Folglich ist diese Norm als Verwirkungstatbestand anzusehen, bei dem es auf eine Kausalität der falschen Angaben für die Bewilligung nicht ankommt. Damit hat der Antragsteller nicht die Möglichkeit, sich in dem Entziehungsverfahren mit dem Hinweis, ohne die falschen Angaben hätte auch Verfahrenskostenhilfe bewilligt werden müssen, zu entlasten.
Die Entscheidungen des BGH vom 10.01.2018 (XII ZB 287/17) und vom 19.08.2015 (XII ZB 208/15) gewähren nun selbst einem Antragsteller, dem im ersten Verfahren nur wegen eines offensichtlichen Betruges Verfahrenskostenhilfe bewilligt worden ist und dem nach der Entdeckung dieses Betruges die Verfahrenskostenhilfe entzogen worden ist, ohne Einschränkung eine Neubewilligung zu beantragen. Ob diese Konsequenz durch die vom BGH als Begründung herangezogene verfassungsrechtliche Gleichbehandlung von Unbemittelten und Bemittelten tatsächlich geboten ist, kann durchaus bezweifelt werden.
Der Hinweis des BGH, durch eine mögliche Neubewilligung der Verfahrenskostenhilfe auf den neu gestellten Antrag blieben die vorherigen Falschangaben auch nicht sanktionslos, da die erneute Verfahrenskostenhilfe nur ab neuer Antragstellung zu bewilligen ist und von der erneuten Bewilligung die bis dahin angefallenen Kosten nicht erfasst würden, sondern nur die ab dem erneuten Antrag neu anfallenden Kosten, ist da nur ein schwacher Trost.
Praxishinweis
In der anwaltlichen Praxis besonders zu beachten ist aber die Tatsache, dass durch die Vorlage eines falsch ausgefüllten Formulars und die daraufhin erfolgte – unberechtigte – Bewilligung von Verfahrenskostenhilfe das strafrechtlich relevante Verhalten eines Betruges erfüllt ist.
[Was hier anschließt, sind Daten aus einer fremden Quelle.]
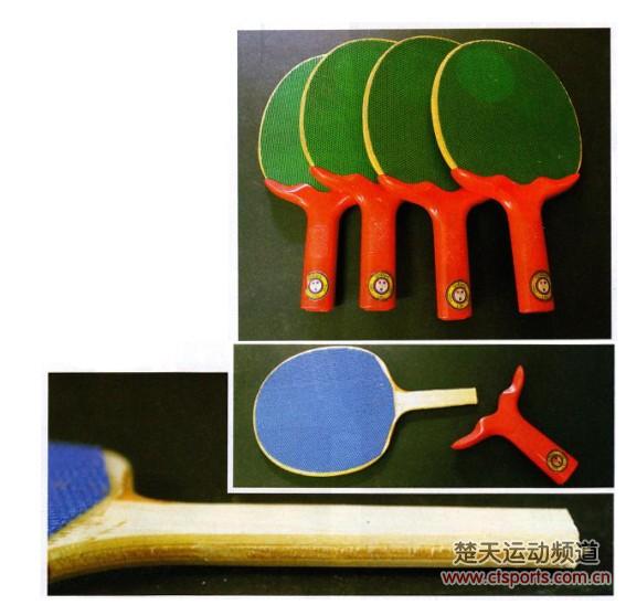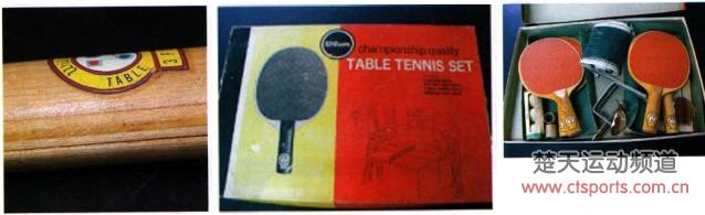 第一种是三夹板,型号E6057,这种胶柄的老Wilson只见过大盒的套装,用的木材仍然是美洲椴木,完全没有改变。那时美国生产的乒乓球板,大多以椴木为材。其实早期的国产乒乓球板,基本上也全是椴木做的。因为当时世界上最好的品牌就是Wilson、Westminster和Dunlop等,这些英、美品牌都是椴木球板,所以国内开始做板时只能以那些名板为蓝本。但国内用的椴木木质与欧美所用的大为不同,所以造出来的球板也和外国有一段距离。

Auch dann, wenn vor der Bewilligung auf Nachfrage des Gerichts Angaben im Formular korrigiert werden müssen, steht jedenfalls der Vorwurf eines versuchten Betruges im Raum, der durch die spätere Korrektur der Angaben nach der Entdeckung ihrer Unrichtigkeit nicht beseitigt wird!
Es ist ratsam, die Mandantschaft eindringlich nicht nur auf die Verpflichtung zu wahrheitsgemäßen Angaben, sondern auch auf diese strafrechtlichen Risiken hinzuweisen!